# HELP!!! KA sounds like a massive vaccumm!!!!!



## xcrunner18 (Jan 1, 2006)

Okay does anyone know what this could be: My engine just recently started sounding like a massive vaccum, and if i rev past 4000 it squeals like its the fan belt, but the fan belt is fine. It sounds like i have a semi truck turbo under the hood... Then after 4000 it squeals....

My Dad was an auto mechanic for 16 years, and doesn't know what it is.... So if anyone can help me you'll be a life savor!!!!!!!!!!!!!!!!! 

Oh and it runs perfect power and everything is still the same. Just makes that noise...


----------



## rogoman (Dec 16, 2004)

Remove all the front belts, then start the motor up and see if the noise goes away.


----------



## Nismo240 (Jul 24, 2004)

rogoman said:


> Remove all the front belts, then start the motor up and see if the noise goes away.
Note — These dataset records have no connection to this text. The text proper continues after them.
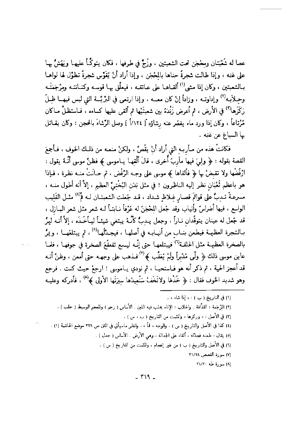 فكانت هذه من مآربه التي أراد أن يقص، ولكن منعه من ذلك الخوف، فأجمع القصة بقوله: " ولي فيها مآرب أخرة، قال ألقها يا موسى " فظن موسى أنه يقول ارفضها ولا تقبض بها " فألقاها موسى على وجه الرفض، ثم حانت منه نظرة، فإذا هو بأعظم ثعبان نظر إليه الناظرون! في مثل بدن البختي العظيم، إلا أنه أطول منه، مسرعة تدب على قوائم قصار غلاظ شداد، قد جعلت الشعبتان له فم مثل القليب الواسع، فيها أضراس وأنياب وقد جعل له عرفاً نابتاً له شعر مثل شعر البازل، قد جعل له عينان يتوقدان ناراً، وجعل يدب كأنه يبتغي شيئاً ليأخذه، إلا أنه ليمر بالشجرة العظيمة فيطعن بناب من أنيابه في أصلها، فيجدلها، ثم يبتلعها، ويمر بالصخرة العظيمة مثل الحلقة فيبتلعها حتى أنه ليسمع تقعقع الصخرة في جوفها، فلما عاين موسى ذلك " ولى مدبراً ولم يعقب " فذهب على وجهه حتى أمعن، وظن أنه قد أعجز الحية، ثم ذكر أنه هو فاستحيا، ثم نودي يا موسى! ارجع حيث كنت. فرجع وهو شديد الخوف فقال: " خذها ولا تخف سنعيدها سيرتها الأولى "، فأدركه وعليه
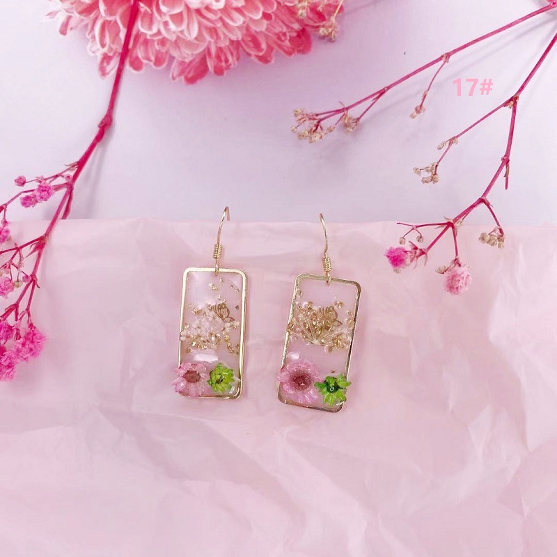 2#Rhombic gold foil pink dried flower pearl ear hook transparent,
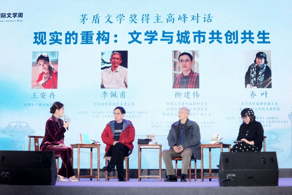 在頒獎(jiǎng)環(huán)節(jié)之外,四川楊紅纓兒童文學(xué)發(fā)展中心舉行了掛牌儀式。李佩甫、柳建偉、喬葉三位茅獎(jiǎng)作家還展開了一場(chǎng)沙龍對(duì)話—-“現(xiàn)實(shí)的重構(gòu):文學(xué)與城市共創(chuàng)共生”。
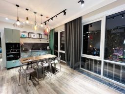 - Оснащённая кухня: кофемашина, чайник, тостер, микроволновая печь, холодильник, варочная панель, посуда и все мелочи для комфортной жизни.

will the motor start up without the alternator belt on?


----------



## xcrunner18 (Jan 1, 2006)

Idk i'll have to wait and try this weekend when i'm back up home...


----------



## rogoman (Dec 16, 2004)

Nismo240 said:


> will the motor start up without the alternator belt on?


Yes it will.


----------



## xcrunner18 (Jan 1, 2006)

haha I finally figured it all out just a little minor issue....


----------



## SHIFT__Nismo (May 16, 2008)

minor issue like what? vacuum hose not plugged?


----------



## BUZZ!#(& (Jul 24, 2004)

It's the fan clutch. Replace it.


----------